This recipe comes from Ester Restaurant in Sydney. The restaurant serves it with a cultured kefir cream, dashi jelly and salmon roe but it the “crusty on the outside and pillowy insides” told me that it would work just as good with some garlic prawns.
The recipe is a test of patience but it is well worth the wait. You’ll have to make the “potato ferment” five days before using it and then you proceed as if you were making a sourdough recipe (so, yes, you will also need a sourdough starter).
Ester’s Potato Bread
- 250 g Dutch Cream Potatoes
- 375 g water, heated to 27c
- 100 g levain (sourdough starter near it’s peak)

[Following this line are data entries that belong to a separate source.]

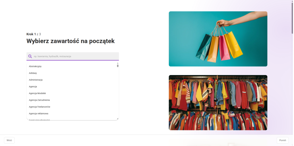 Jeżeli zdecydujesz się na ręczny wybór szablonu, na początku zobaczysz listę – wybierz z niej branżę, tematykę, której będzie dotyczyć Twoja strona. Po lewej stronie zobaczysz zestawy pasujących grafik – wybierz ten, który odpowiada Ci najbardziej (potem możesz je zmienić).
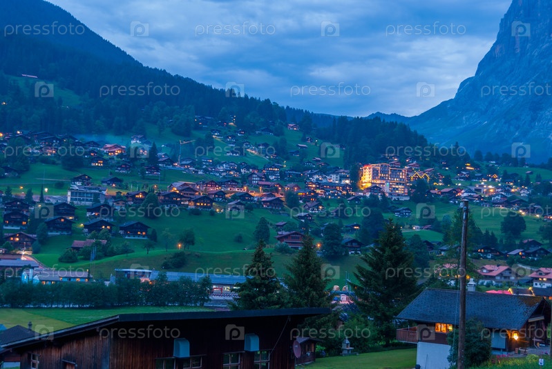 Деревня Гриндельвальд под вершиной Веттерхорна после захода солнца, Бернер-Оберланд, Швейцарские Альпы, Швейцария
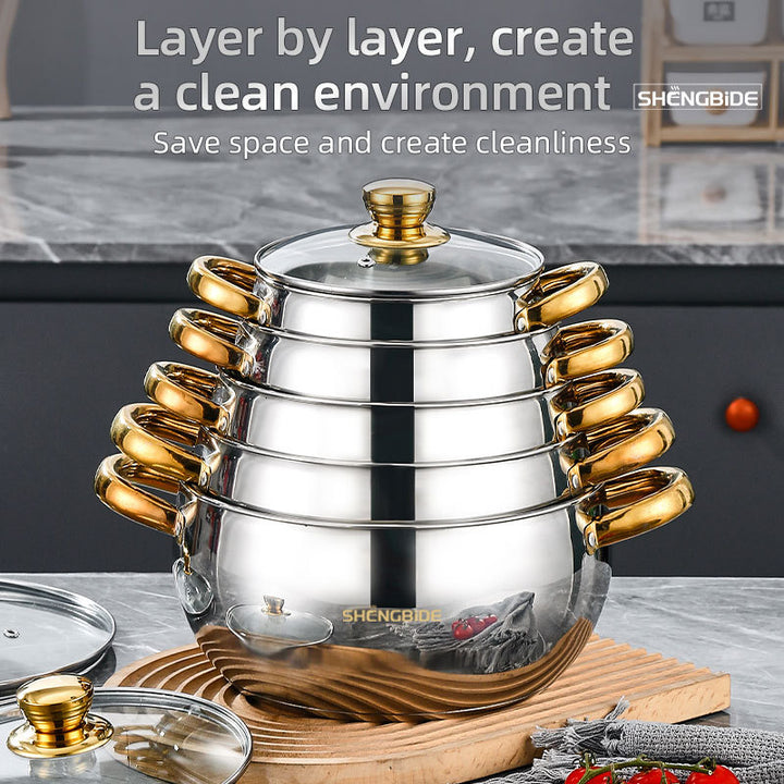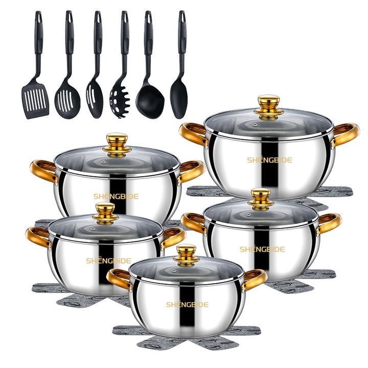 Cross-border pot set, soup pot set, stainless steel pearl pot 21-piece set, cooking pot nonstickpot pot
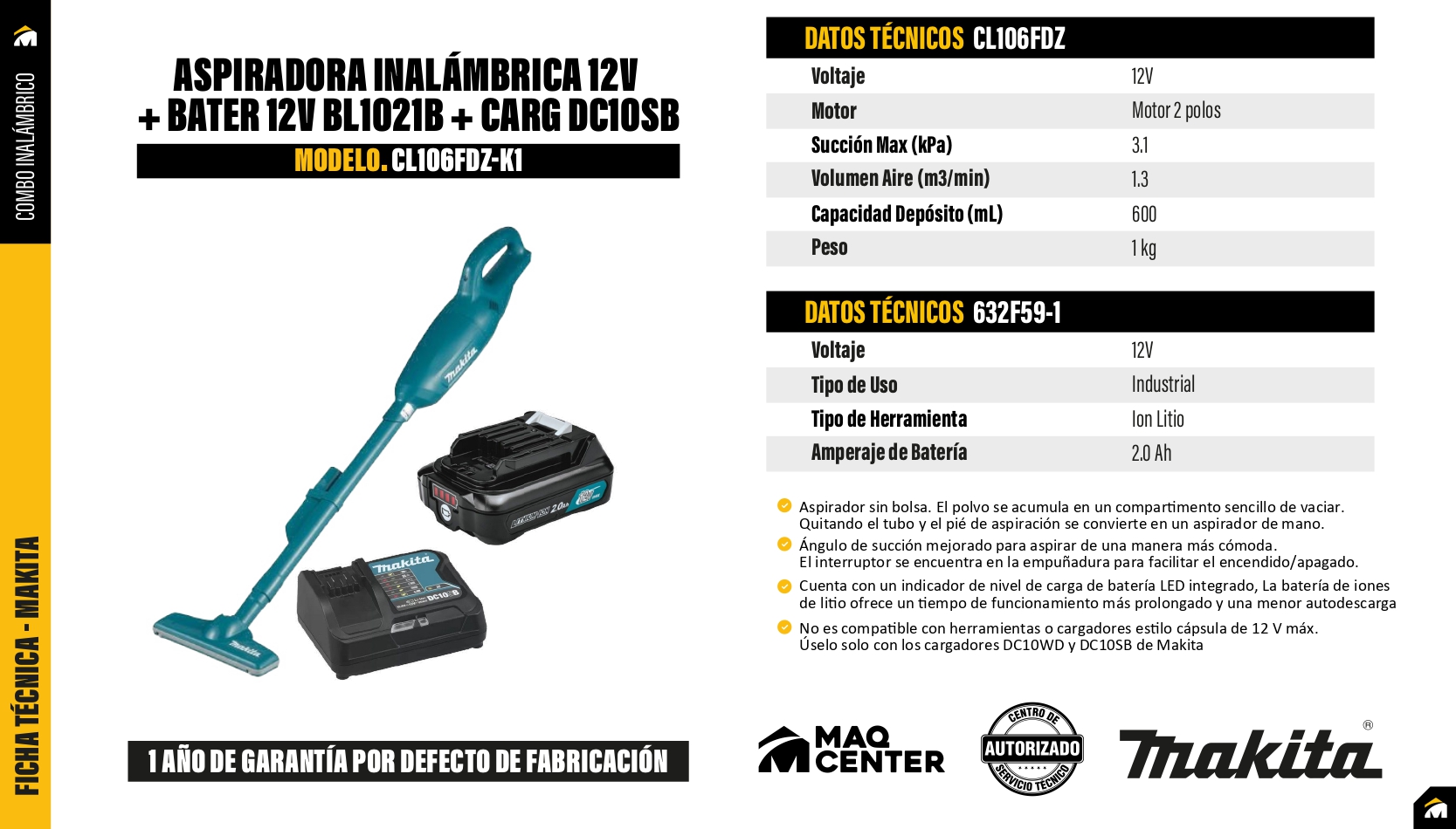 Aspiradora inalámbrica 12v 600ml + batería 12v 2.0ah bl1021b + cargador dc10sb makita
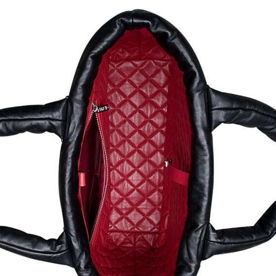 - Reversible from black horizontal lambskin quilting to red diamond nylon quilting
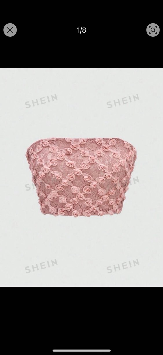 Shein Pembe Dantel İşlemeli Straplez Büstiyer
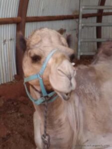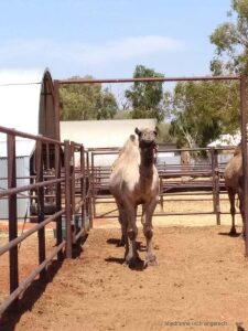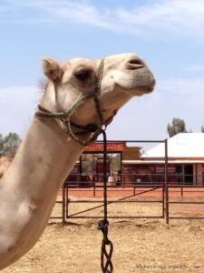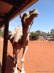 Fast hätten wir uns verschlafen! Schon vor fünf beginnt der grosse Auszug im Ayers Rock Campground, alle wollen ’sunrisen‘ beim Uluru. Das bringt ziemlichen Lärm und ich dreh mich noch mal. – 😴 Dann ist es Viertel nach sechs und der Morgen beginnt. 😙 Mit dem Abbau und Zusammenpacken wird es Viertel vor zehn, bis wir den Zeltplatz verlassen. Wir gehen zu Saskia das ist eine Schweizerin, die hier in Yulara auf einem Kamelhof lebt. Wie sich herausstellt, ist dieser Hof ein riesiger Betrieb, ein Unternehmen mit einigen Angestellten.. Kamele werden in der Wildnis eingefangen und zum Reittier umgwöhnt. Gegenwärtig sind dies rund siebzig Tiere. Ausserdem hat es knapp dreissig noch scheue, nicht reitbare. Jetzt, im Januar, sind hier nicht viele Touristen. Trotzdem ist andauernd Betrieb und Gruppen reiten aus. Saskia erklärt und lehrt uns viel. Sie nimmt sich Zeit und geht auf unsere Fragen ein.
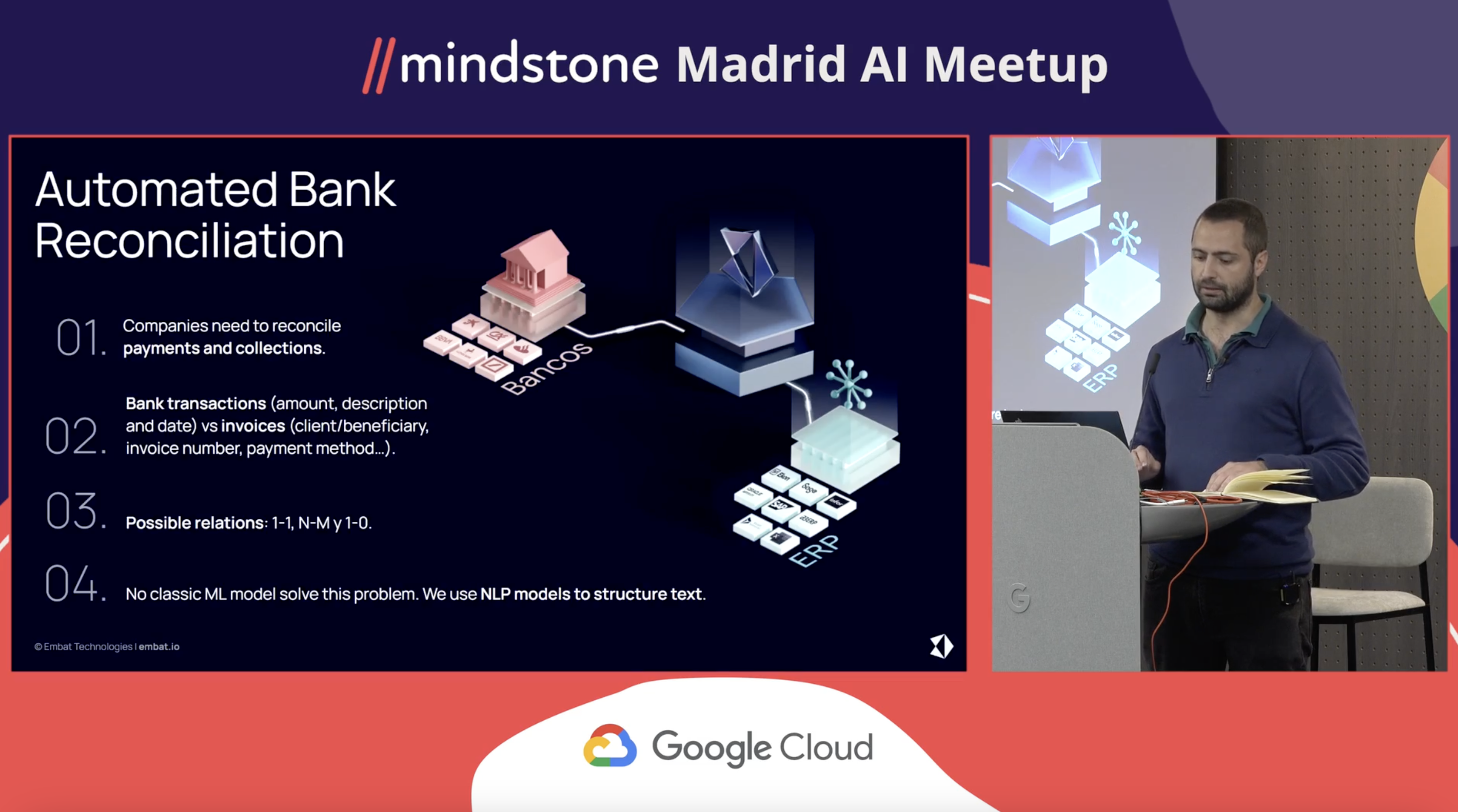 and we've developed a software as a service for finance team for medium and large companies right Embat automates different tasks for this finance team mainly payments treasury and debt management, and accounting processes.

- 450 g white baker’s flour
- 50 g wholemeal baker’s flour
- 13g salt, plus extra for the potatoes
- Boil the potatoes until full cooked, then strain and pass through a ricer or mouli to form a smooth puree. Add 2% salt based on the weight of the potatoes. For example, 100 grams potatoes is 2 grams salt. Then place in a vacuum-seal bag and remove all the air. Leave this at room temperature for 5 days. Sometimes the bag will puff up (mine didn’t). Refrigerate the mix until needed.

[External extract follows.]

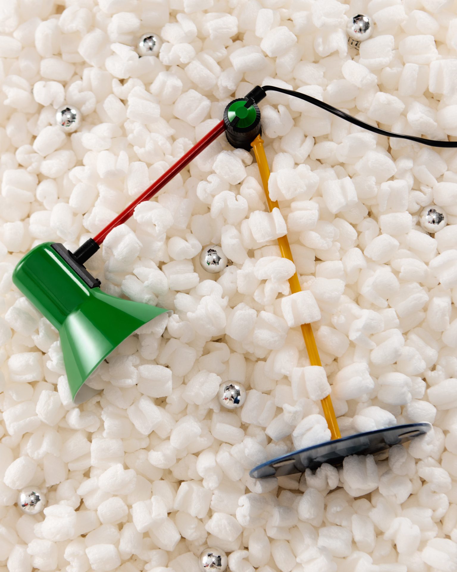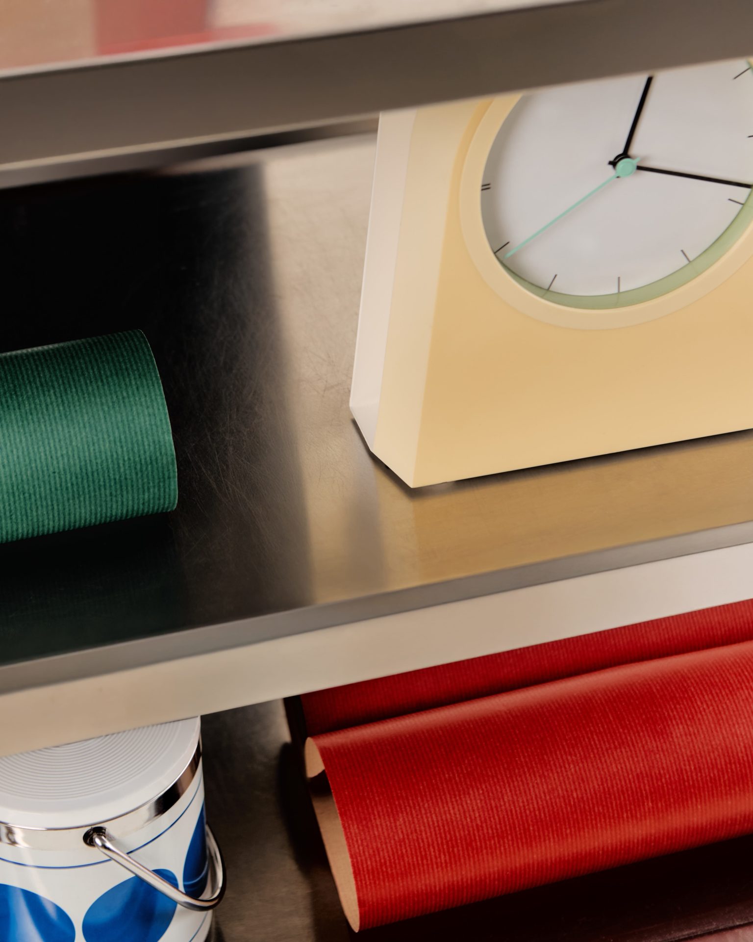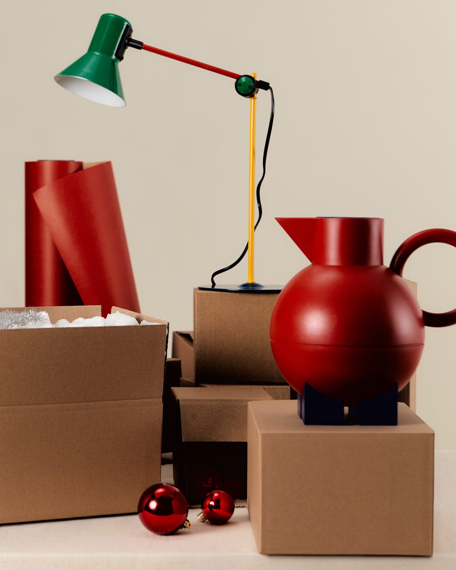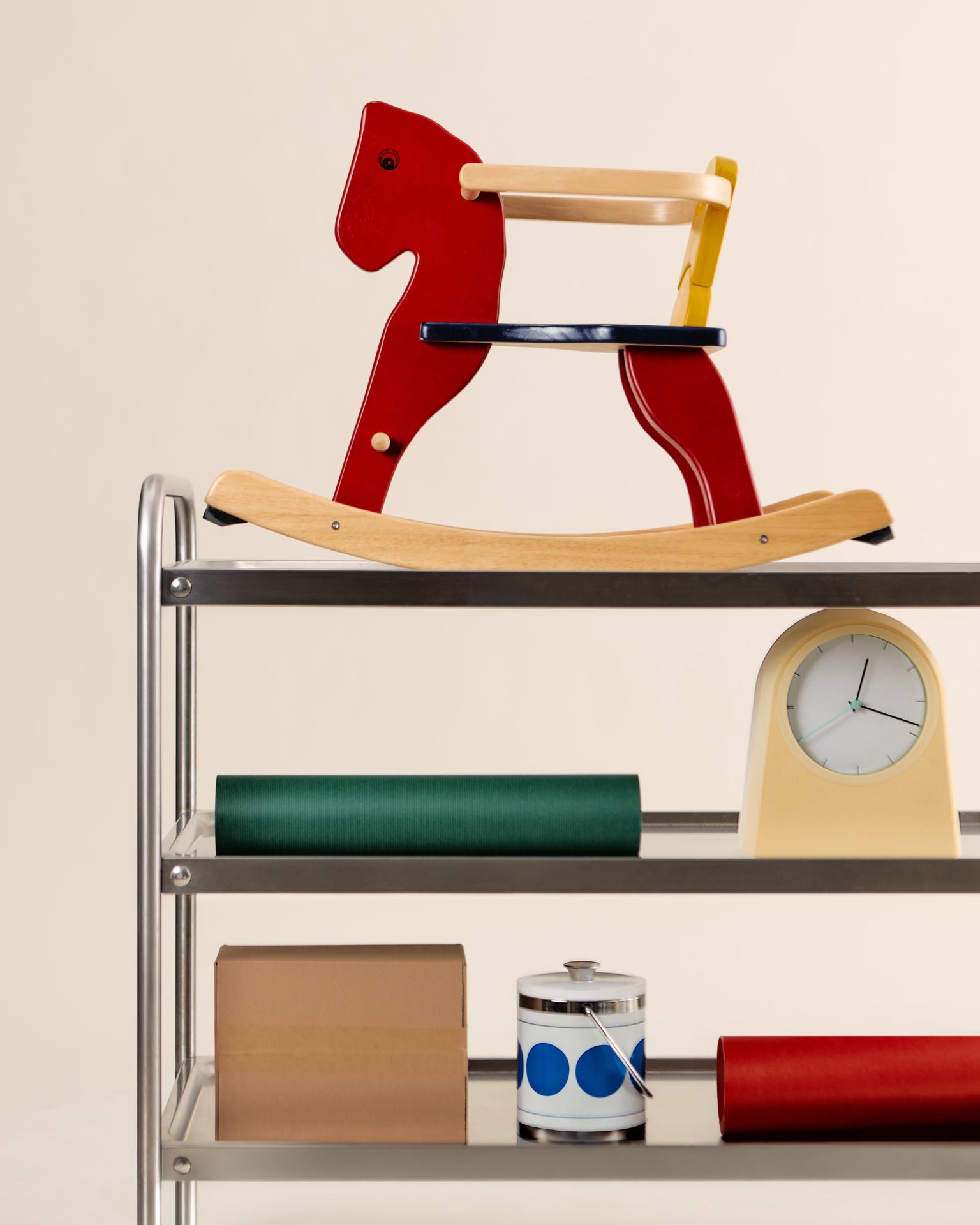 Dans ce joyeux chaos, des objets de design vintage émergent : une cafetière-thermos Alessi, un cheval à bascule en bois multicolore, une lampe de bureau articulée dans le style Memphis, une lampe Bambina rouge, un seau à glace 70’s, une horloge POFFARE d’IKEA… autant de trésors inattendus de seconde main, prêts à être chinés sur leboncoin avant leur grand voyage.

- To make the bread, mix the water, 100 g fermented potato, and levain in a bowl of a stand mixer. Add in the two flours and salt. Using the dough hook attachment, mix on medium speed for 8 minutes.
- Allow the dough to bulk ferment for around 4 to 5 hours (depending on the weather, the colder it is, the longer you will need). Stretch and fold every 30 minutes for the first 2 hours (four folds in total). At this stage you can put it in the fridge or use it straight away.
- To use, pre-heat the oven with a pizza stone to as high as you can get it (at least 250c). Form the dough in to bread rolls (around 130g each) and allow to rest until the oven is ready.
- When ready to bake, slide the rolls on top of the pizza stone and throw in a few ice cubes in the oven to create some steam.
- Bake for 13 minutes. Remove then brush with olive oil and top with salt flakes.